(EXTRACTED DATA)
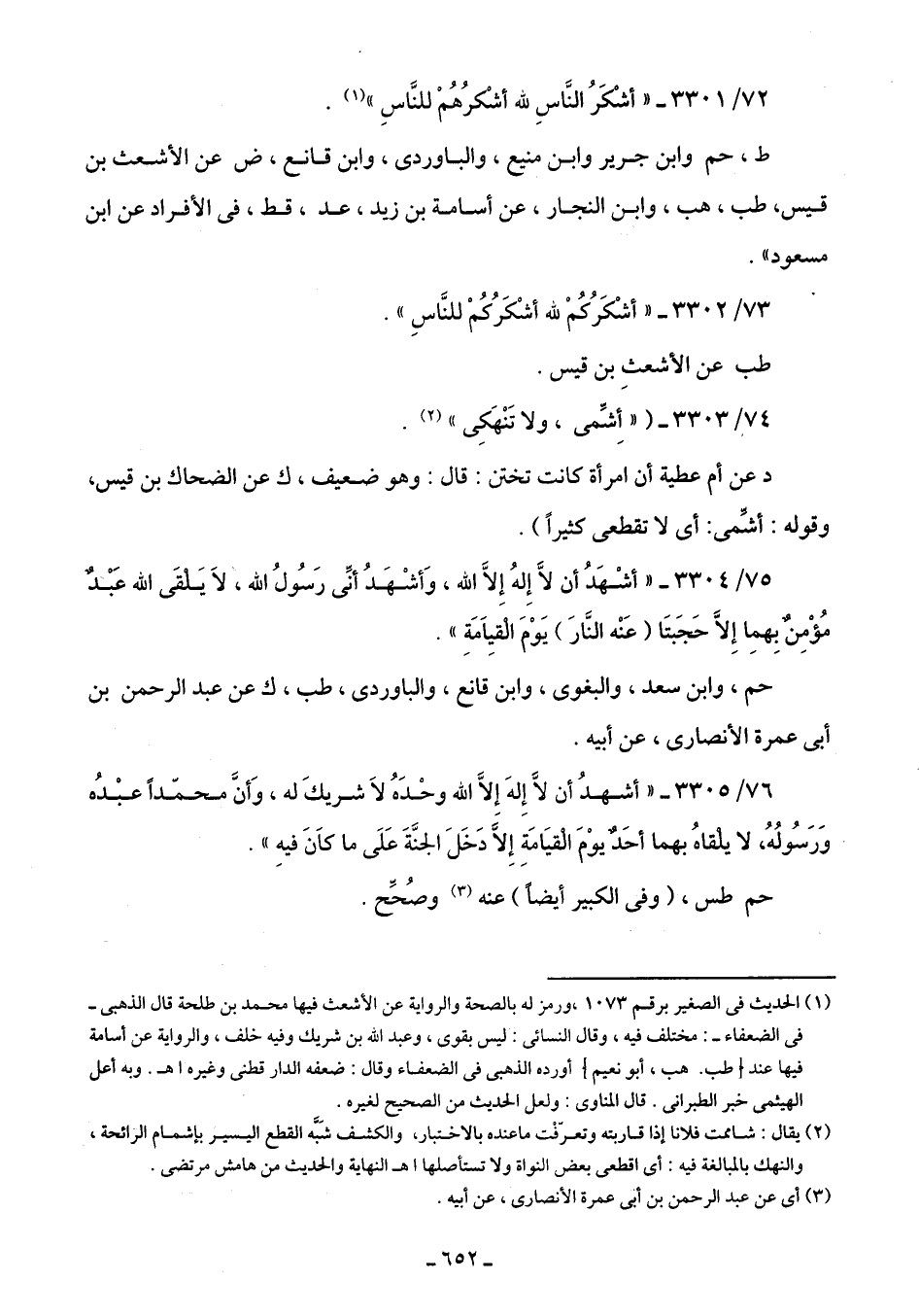 72/ 3301 - "أشْكَرُ النَّاسِ لله أشْكرُهُمْ للنَّاسِ" (¬1).
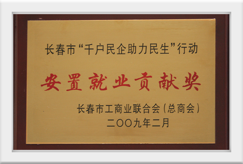 2009年2月榮獲長春市“千戶民企助力民生”行動(dòng)安置就業(yè)貢獻(xiàn)獎(jiǎng)
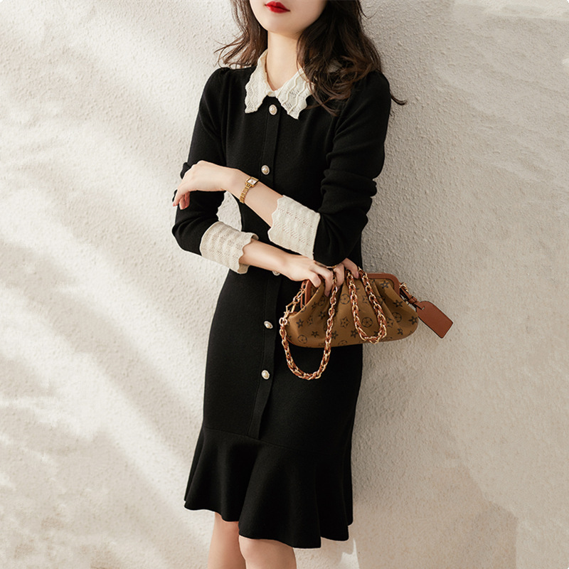 초가을 2024 새로운 여성 리틀 블랙 원피스 프랑스 틈새 하이 엔드 니트 원피스 봄 가을 피쉬 원피스
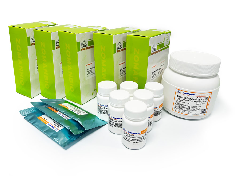 或者配置時自行添加Agar,務必選用優質Agar,添加量為20 g/L。冷卻到50℃把培養基倒入平板中,室溫使其凝固。封口膜封好后倒置保存在4℃冰箱。
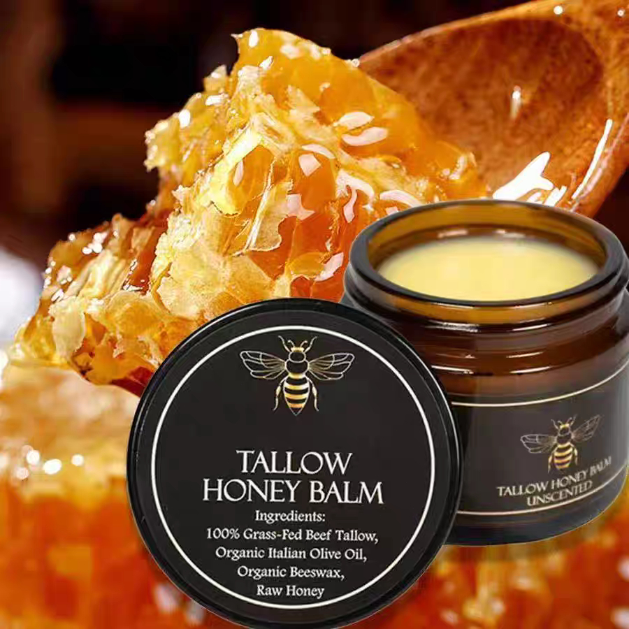 Organic Grass-Fed Beef Tallow Raw Honey Balm-Body Facial Moisturizing Cream Skincare Tools
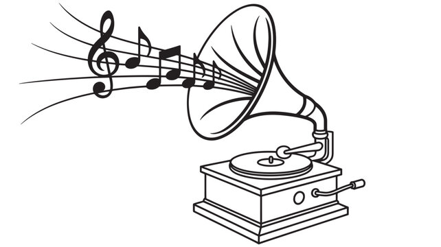 Vintage gramophone illustration playing music notes antique phonograph vector design isolated on white background
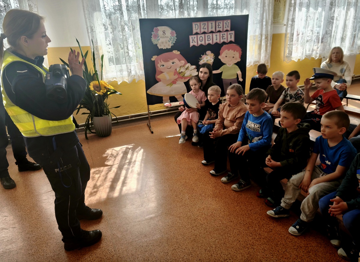 Spotkanie z najmłodszymi odbyło się w obchodzonym tego dnia w szkole Pierwszym Dniu Wiosny. Policjantki na zakończenie spotkania zaprezentowały dzieciom policyjny radiowóz, za kierownicą którego mogli zasiąść najmłodsi uczestnicy spotkania. Na zakończenie prelekcji na dzieci czekała niespodzianka, wszystkie otrzymały niebieskie balony z logo opolskiej komendy i odblaskowe misie, aby być bardziej widocznym na drodze.
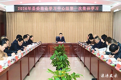 本报讯 1月26日,县委书记王云主持召开2026年县委理论学习中心组第一次集体学习会议,传达学习习近平总书记在《求是》杂志上发表的重要文章《学习好贯彻好党的二十届四中全会精神》和习近平总书记在二十届中央政治局第二十一次集体学习时、在中央政治局民主生活会上的重要讲话精神等内容。市委宣传部副部长、一级调研员梁武军一行到会指导并作点评。
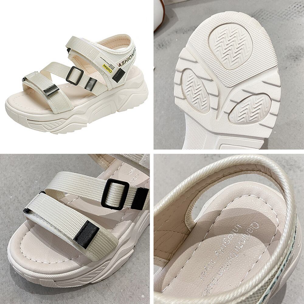レディース マジックテープ スニーカーサンダル ベルクロタイプ リゾートサンダル 歩きやすい 靴 夏 ストリートアウトドア 美脚靴 カジュアルサンダル 疲れない 靴今夏に大人気なダッドシューズデザインの旬の厚底サンダルベルト部分はマジックテープデザインで、調節もしやすく、足にぴったりとフィットする厚底ですがフラットになっているため、4.5cmの高さでも軽くて履きやすいレジャーはもちろん、タウンユースにも活躍してくれる甲素材:合成繊維底素材:合成底カラー:ブラック/ベージュサイズ:22.5cm(35)/23.0cm(36)/23.5cm(37)/24.0cm(38)/24.5cm(39)(カッコ内は靴底表記となります)[22.5]長さ:約22.5cm 幅:約10.5cm ヒール:約4.5cm[23.0]長さ:約23.0cm 幅:約10.5cm ヒール:約4.5cm[23.5]長さ:約23.5cm 幅:約10.5cm ヒール:約4.5cm[24.0]長さ:約24.0cm 幅:約10.5cm ヒール:約4.5cm[24.5]長さ:約24.5cm 幅:約10.5cm ヒール:約4.5cm重さ(両足):約700g-765g生産国:中国※すべて平置きサイズです(採寸方法違いより、多少の誤差がございますので、ご了承ください)。※商品は縫製上の細かいほつれ、汚れ、接着剤が残り、素材特有の臭いや接着剤等の臭いが残っている場合がございます。ご了承ください。※海外輸入品のため、商品の細部仕様は多少異なる場合がございます。予めご了承の上、ご注文お願い致します。
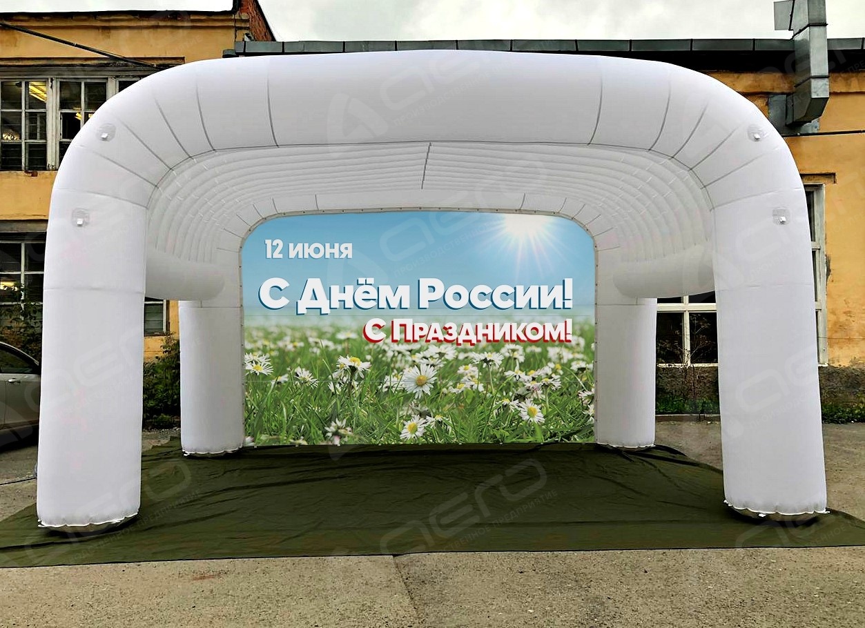 Каждый сектор может быть выполнен в своём цвете (красный, жёлтый, белый, синий, зелёный и другие), а по желанию на верхнюю или боковые опоры надувной сцены можно добавить любую из надписей - "Поздравляем!", "С Днём России!", слоган вашего предприятия, Герб города, эмблему или красочные текстуры - оплачивается дополнительно.
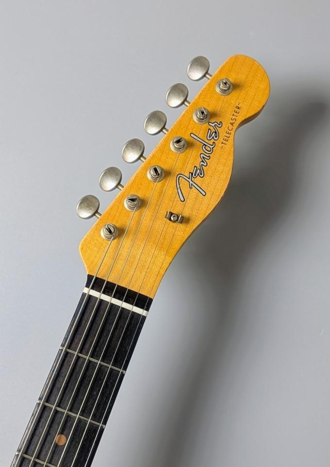 このギターの心臓部には、Fender Custom Shop製ハンドワウンドの1963 Telecaster Relicピックアップが搭載されています。ネックとブリッジの両方に、細部に至るまで手作業で丁寧に巻かれたこのピックアップは、テレキャスター特有の煌びやかな高音域、クリアなミドル、そして力強い低音域を余すことなく再現します。
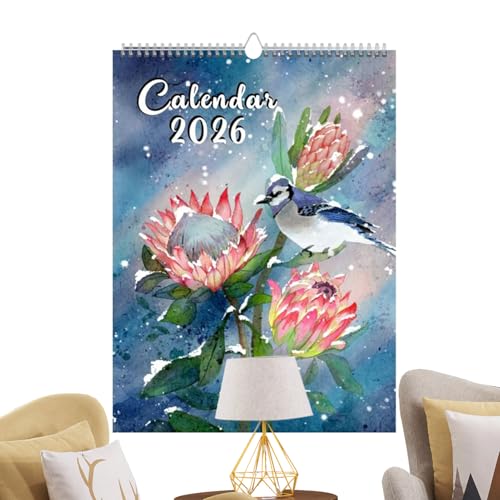 2026年の花と鳥がテーマの壁掛けカレンダー。12ヶ月分の美しいデザインで、リビングやオフィス、寝室のデコレーションに最適な月間プランナーです。
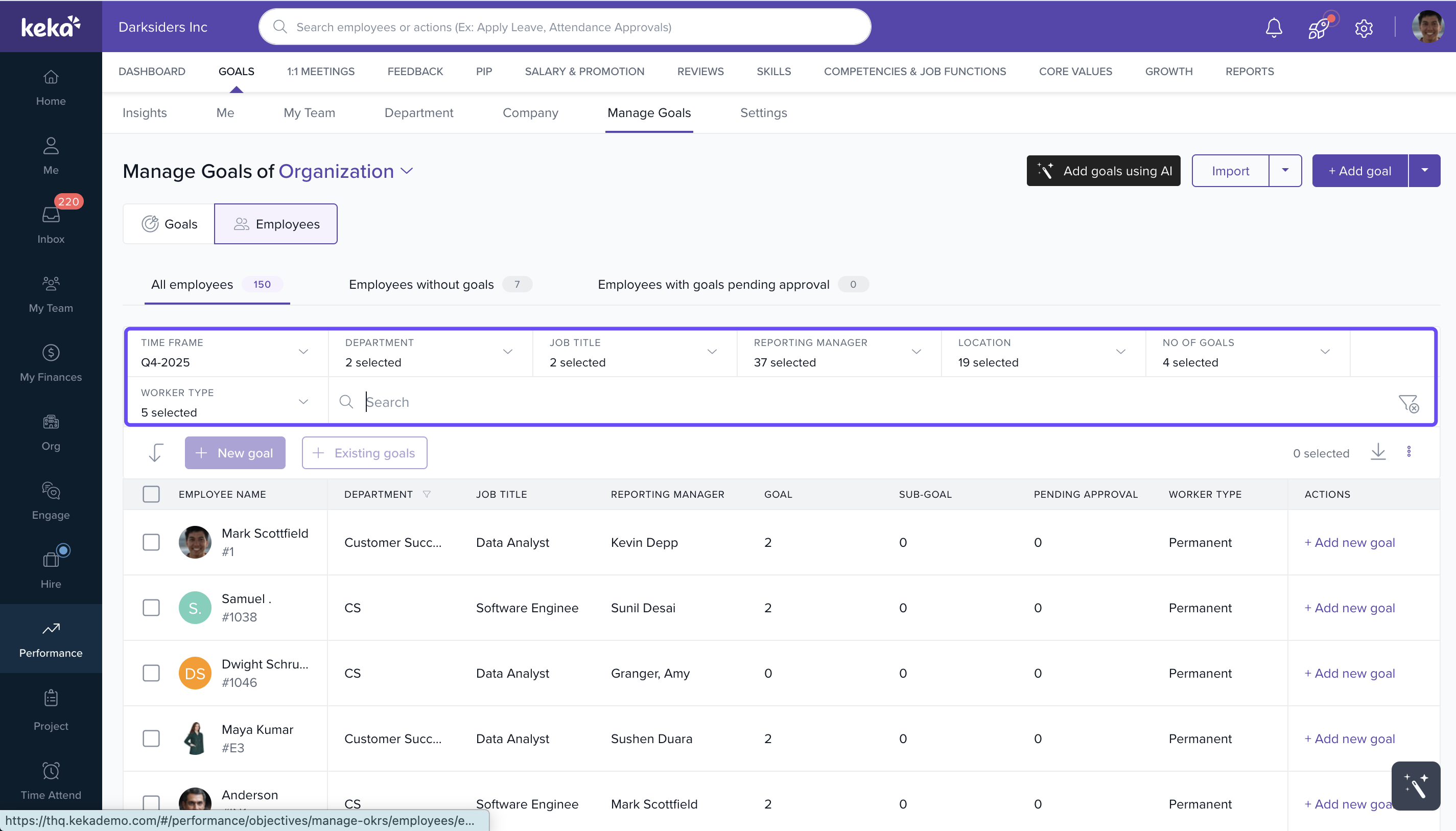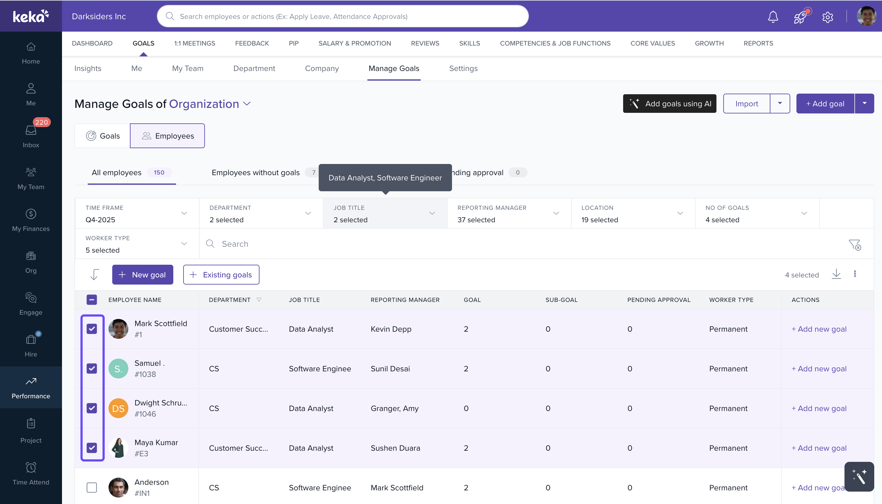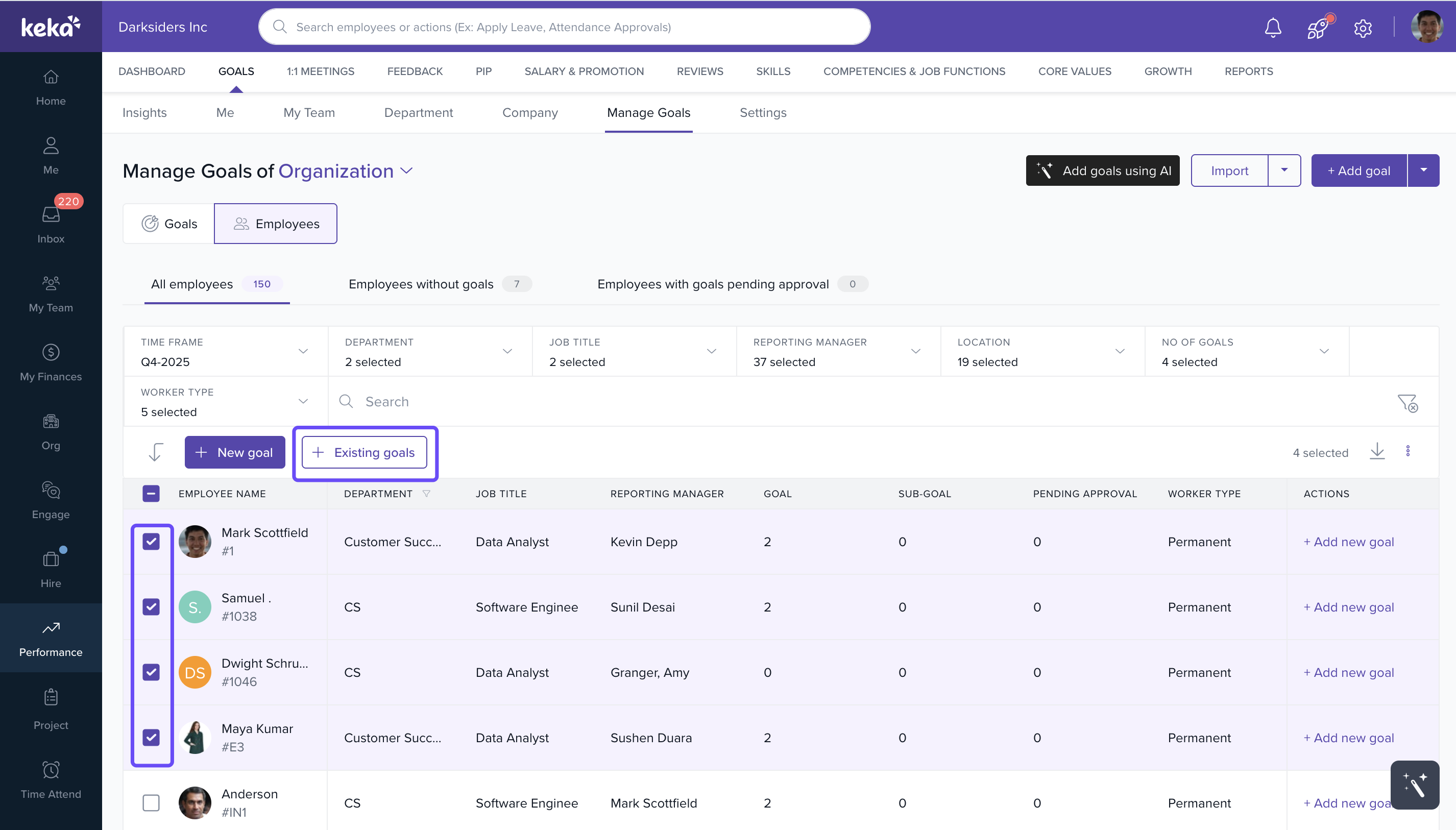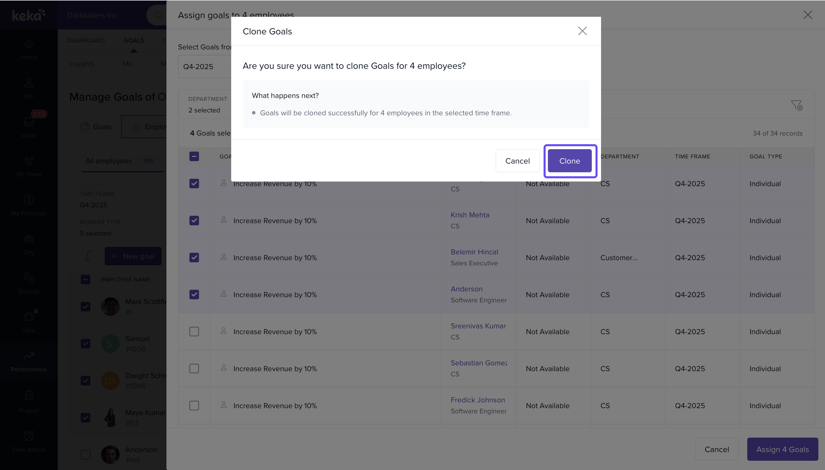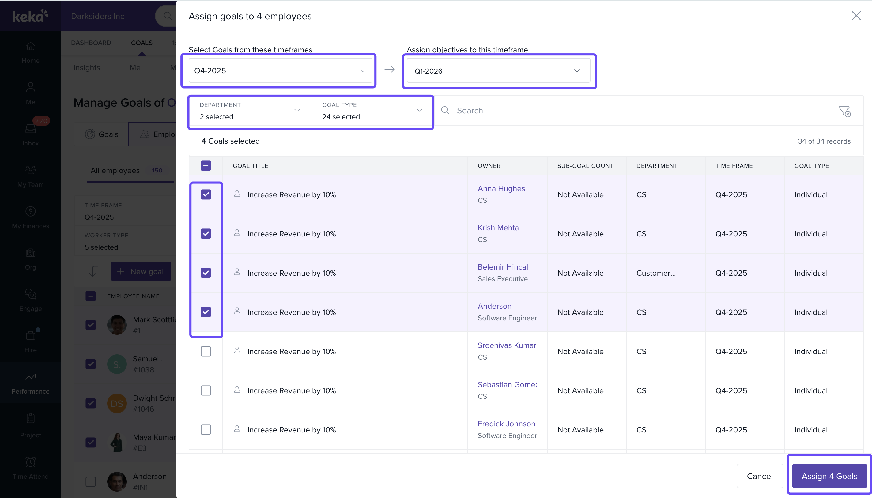 Efficiently managing employee goals is essential for driving both individual and team performance. Keka’s Bulk Assign Goals feature makes it easy to assign objectives to multiple employees at once, either by creating new goals or by cloning existing ones into a different timeframe. This article explains how to use this feature to streamline goal assignment and maintain alignment across your organisation.
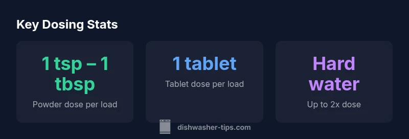 Determining how much dishwasher detergent to use depends on several factors: the form of detergent (powder, tablet, or pod), the size of the load, soil level, water hardness, and the dishwasher's own dosing system. While manufacturers typically provide dosing guidelines on the packaging, real-world results vary with washing conditions. In broad terms, a powder dosage for a standard load commonly ranges from 1 teaspoon to 1 tablespoon, while a single tablet covers the same cycle in many tablet-based products. Dishwasher Tips analysis, 2026 suggests adjusting dose primarily for soil and water hardness, not merely load size, to avoid residue and ineffective cleaning. Always consult the product label for model-specific guidance.

(PROBLEM TO WORK ON) When you reach the line containing "Organic Grass-Fed Beef" in the entries above, begin restating word for word, and stop once the line containing "2026年の花と鳥がテーマの" has been given. Omit the pictures.

(SOLUTION)
 Organic Grass-Fed Beef Tallow Raw Honey Balm-Body Facial Moisturizing Cream Skincare Tools
 Vintage gramophone illustration playing music notes antique phonograph vector design isolated on white background
 Spotkanie z najmłodszymi odbyło się w obchodzonym tego dnia w szkole Pierwszym Dniu Wiosny. Policjantki na zakończenie spotkania zaprezentowały dzieciom policyjny radiowóz, za kierownicą którego mogli zasiąść najmłodsi uczestnicy spotkania. Na zakończenie prelekcji na dzieci czekała niespodzianka, wszystkie otrzymały niebieskie balony z logo opolskiej komendy i odblaskowe misie, aby być bardziej widocznym na drodze.
 本报讯 1月26日,县委书记王云主持召开2026年县委理论学习中心组第一次集体学习会议,传达学习习近平总书记在《求是》杂志上发表的重要文章《学习好贯彻好党的二十届四中全会精神》和习近平总书记在二十届中央政治局第二十一次集体学习时、在中央政治局民主生活会上的重要讲话精神等内容。市委宣传部副部长、一级调研员梁武军一行到会指导并作点评。
レディース マジックテープ スニーカーサンダル ベルクロタイプ リゾートサンダル 歩きやすい 靴 夏 ストリートアウトドア 美脚靴 カジュアルサンダル 疲れない 靴今夏に大人気なダッドシューズデザインの旬の厚底サンダルベルト部分はマジックテープデザインで、調節もしやすく、足にぴったりとフィットする厚底ですがフラットになっているため、4.5cmの高さでも軽くて履きやすいレジャーはもちろん、タウンユースにも活躍してくれる甲素材:合成繊維底素材:合成底カラー:ブラック/ベージュサイズ:22.5cm(35)/23.0cm(36)/23.5cm(37)/24.0cm(38)/24.5cm(39)(カッコ内は靴底表記となります)[22.5]長さ:約22.5cm 幅:約10.5cm ヒール:約4.5cm[23.0]長さ:約23.0cm 幅:約10.5cm ヒール:約4.5cm[23.5]長さ:約23.5cm 幅:約10.5cm ヒール:約4.5cm[24.0]長さ:約24.0cm 幅:約10.5cm ヒール:約4.5cm[24.5]長さ:約24.5cm 幅:約10.5cm ヒール:約4.5cm重さ(両足):約700g-765g生産国:中国※すべて平置きサイズです(採寸方法違いより、多少の誤差がございますので、ご了承ください)。※商品は縫製上の細かいほつれ、汚れ、接着剤が残り、素材特有の臭いや接着剤等の臭いが残っている場合がございます。ご了承ください。※海外輸入品のため、商品の細部仕様は多少異なる場合がございます。予めご了承の上、ご注文お願い致します。
 Каждый сектор может быть выполнен в своём цвете (красный, жёлтый, белый, синий, зелёный и другие), а по желанию на верхнюю или боковые опоры надувной сцены можно добавить любую из надписей - "Поздравляем!", "С Днём России!", слоган вашего предприятия, Герб города, эмблему или красочные текстуры - оплачивается дополнительно.
 このギターの心臓部には、Fender Custom Shop製ハンドワウンドの1963 Telecaster Relicピックアップが搭載されています。ネックとブリッジの両方に、細部に至るまで手作業で丁寧に巻かれたこのピックアップは、テレキャスター特有の煌びやかな高音域、クリアなミドル、そして力強い低音域を余すことなく再現します。
 2026年の花と鳥がテーマの壁掛けカレンダー。12ヶ月分の美しいデザインで、リビングやオフィス、寝室のデコレーションに最適な月間プランナーです。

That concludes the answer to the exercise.